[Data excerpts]
.....
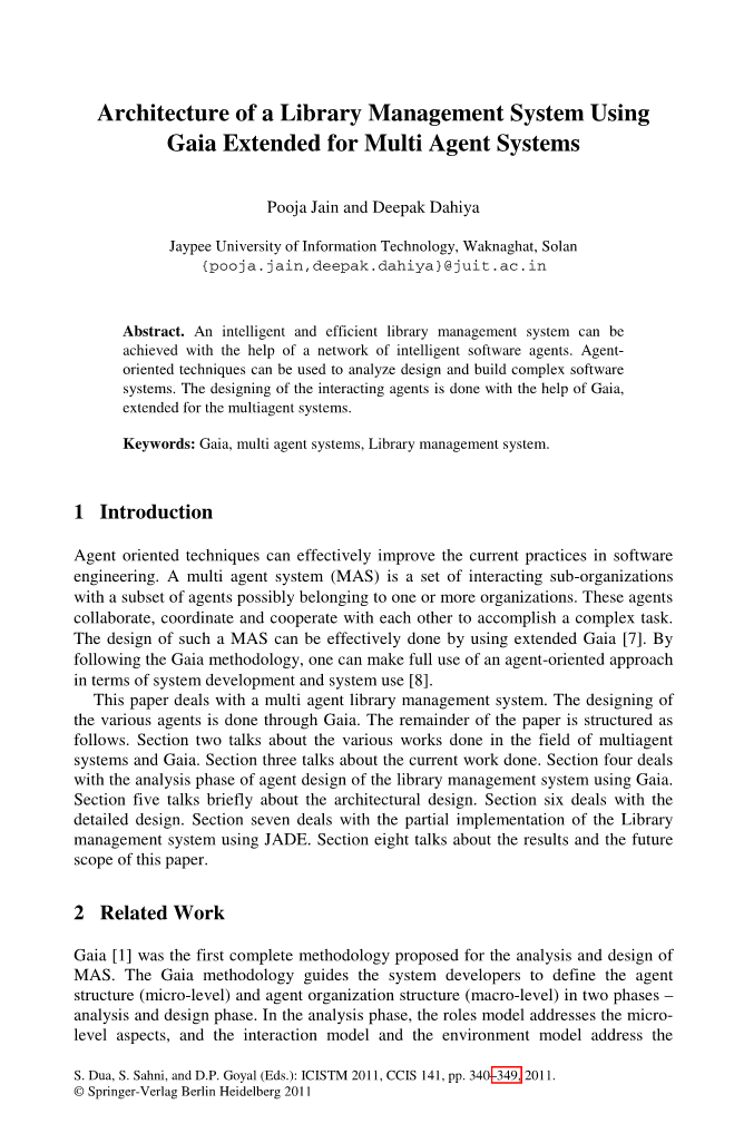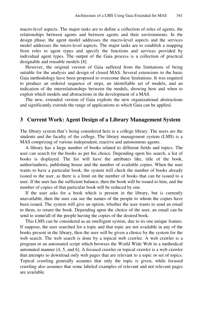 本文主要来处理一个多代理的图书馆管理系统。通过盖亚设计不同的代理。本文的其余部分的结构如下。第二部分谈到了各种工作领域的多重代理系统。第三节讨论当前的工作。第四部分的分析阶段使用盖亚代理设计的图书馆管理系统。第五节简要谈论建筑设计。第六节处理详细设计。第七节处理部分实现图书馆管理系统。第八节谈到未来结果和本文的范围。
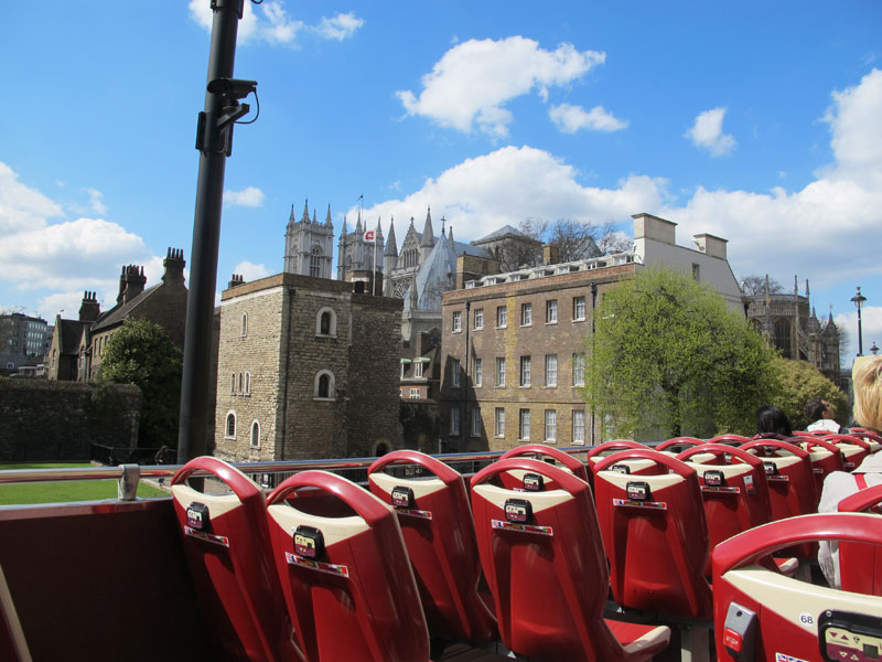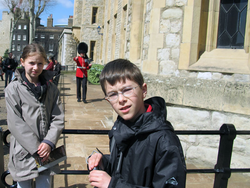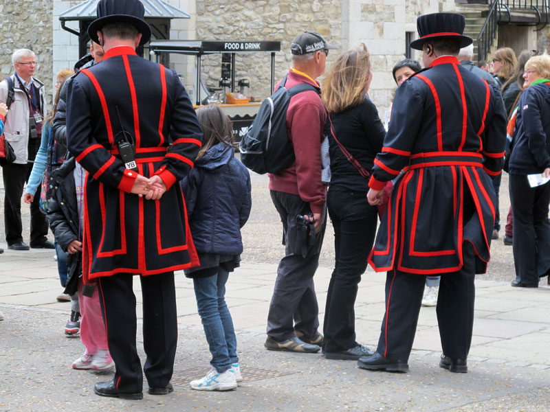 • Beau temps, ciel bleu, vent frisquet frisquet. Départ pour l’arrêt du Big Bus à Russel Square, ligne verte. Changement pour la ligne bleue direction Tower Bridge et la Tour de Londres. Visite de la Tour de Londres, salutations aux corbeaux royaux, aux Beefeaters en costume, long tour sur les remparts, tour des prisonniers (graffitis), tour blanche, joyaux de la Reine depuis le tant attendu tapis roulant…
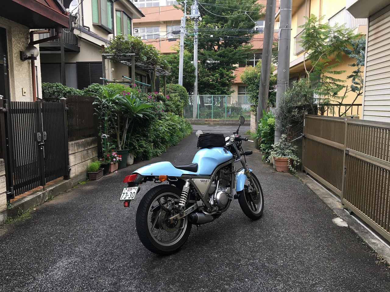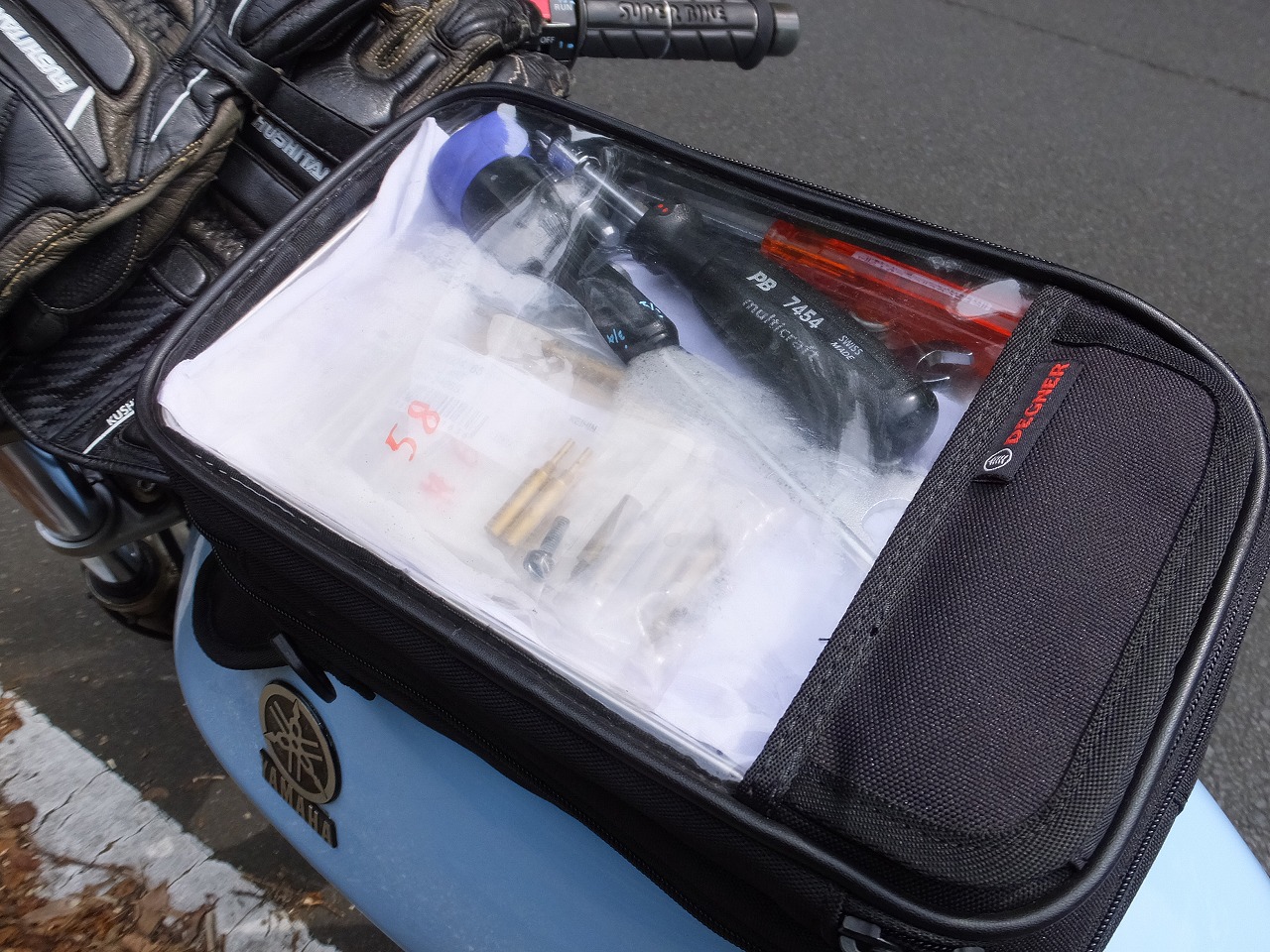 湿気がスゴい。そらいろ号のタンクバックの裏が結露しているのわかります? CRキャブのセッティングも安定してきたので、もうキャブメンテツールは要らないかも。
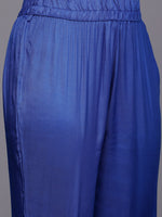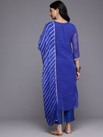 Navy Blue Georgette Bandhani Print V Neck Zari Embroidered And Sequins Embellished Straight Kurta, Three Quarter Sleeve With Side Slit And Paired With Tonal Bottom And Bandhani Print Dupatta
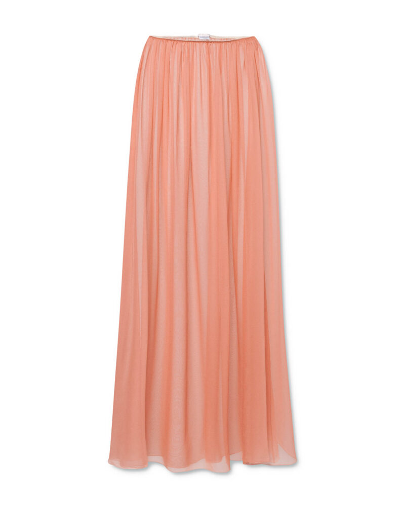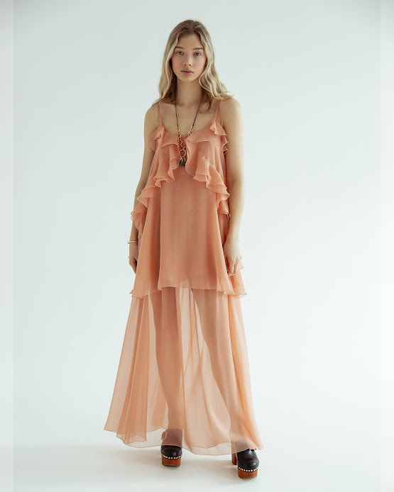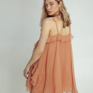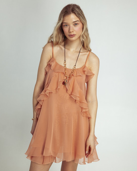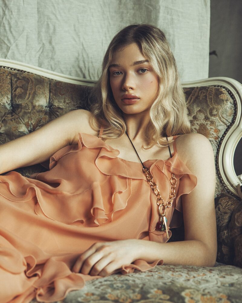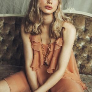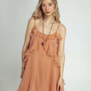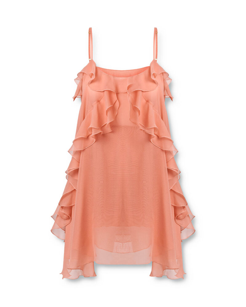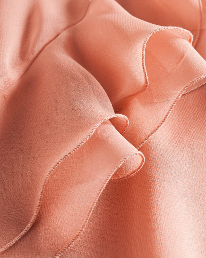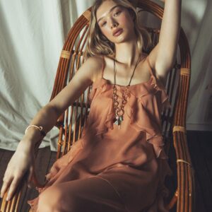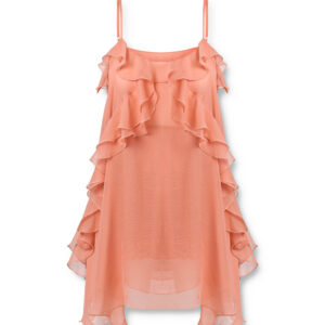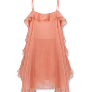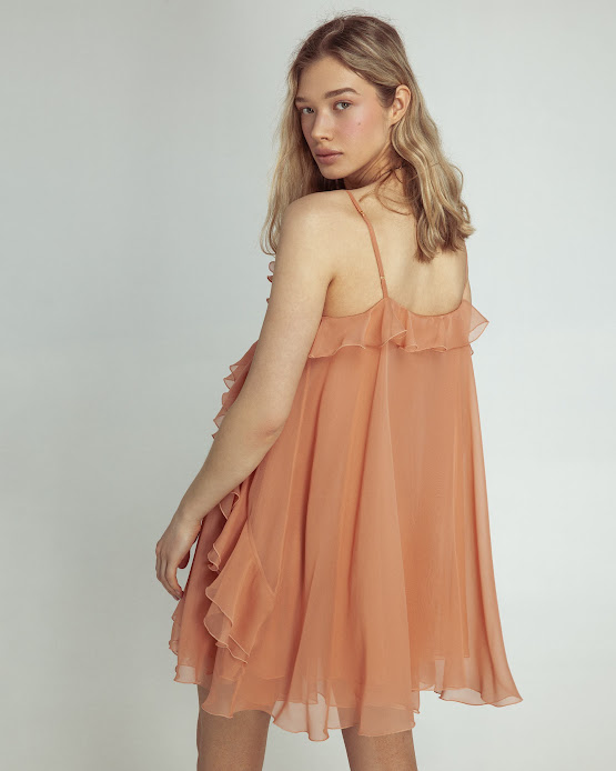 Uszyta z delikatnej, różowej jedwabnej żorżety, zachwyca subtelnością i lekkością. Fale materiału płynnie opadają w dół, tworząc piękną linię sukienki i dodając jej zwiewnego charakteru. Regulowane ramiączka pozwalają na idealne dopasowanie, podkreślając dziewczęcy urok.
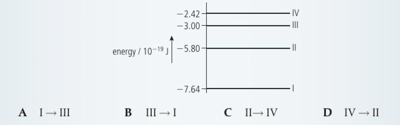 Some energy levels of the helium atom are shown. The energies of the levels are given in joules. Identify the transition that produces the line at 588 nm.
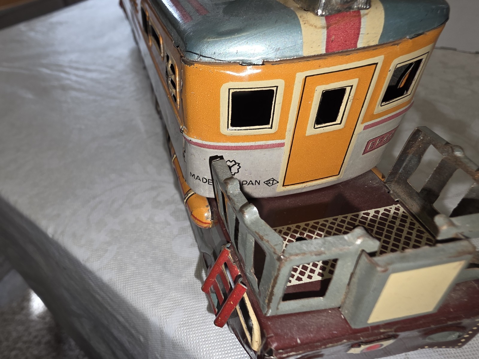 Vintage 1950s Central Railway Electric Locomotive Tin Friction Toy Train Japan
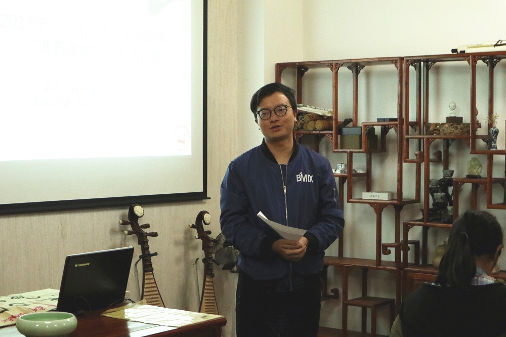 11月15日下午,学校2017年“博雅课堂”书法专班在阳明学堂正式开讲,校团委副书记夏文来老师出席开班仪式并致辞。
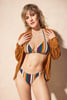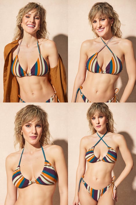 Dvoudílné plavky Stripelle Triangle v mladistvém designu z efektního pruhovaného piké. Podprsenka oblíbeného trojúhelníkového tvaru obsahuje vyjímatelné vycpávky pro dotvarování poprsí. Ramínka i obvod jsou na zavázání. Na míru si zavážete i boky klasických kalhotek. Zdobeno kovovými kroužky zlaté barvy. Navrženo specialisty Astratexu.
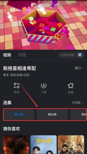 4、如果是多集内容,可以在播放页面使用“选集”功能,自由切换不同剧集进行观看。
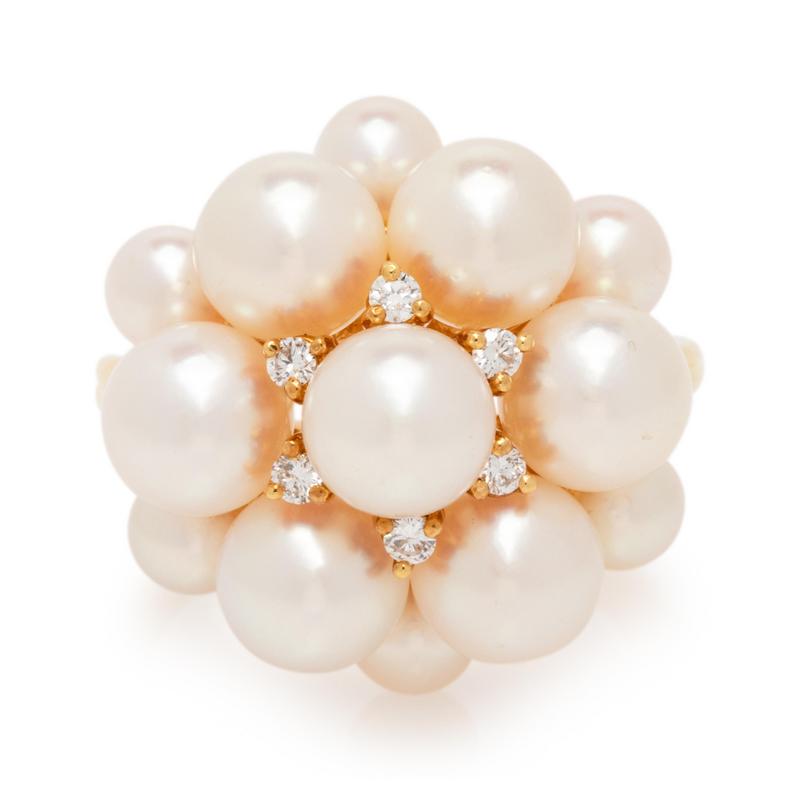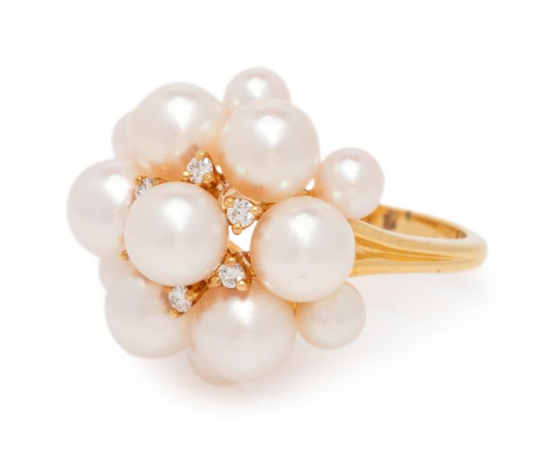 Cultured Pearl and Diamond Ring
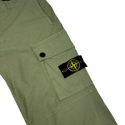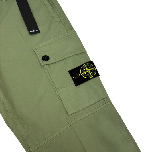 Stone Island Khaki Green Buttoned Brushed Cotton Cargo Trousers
.....
● **ASSIGNMENT**: Starting with the line that contains "Dvoudílné plavky Stripelle", repeat each line exactly through the last line of the data above, and nothing more; the pictures stay out.

● **SOLUTION TO THIS EXERCISE**:
 Dvoudílné plavky Stripelle Triangle v mladistvém designu z efektního pruhovaného piké. Podprsenka oblíbeného trojúhelníkového tvaru obsahuje vyjímatelné vycpávky pro dotvarování poprsí. Ramínka i obvod jsou na zavázání. Na míru si zavážete i boky klasických kalhotek. Zdobeno kovovými kroužky zlaté barvy. Navrženo specialisty Astratexu.
 4、如果是多集内容,可以在播放页面使用“选集”功能,自由切换不同剧集进行观看。
 Cultured Pearl and Diamond Ring
 Stone Island Khaki Green Buttoned Brushed Cotton Cargo Trousers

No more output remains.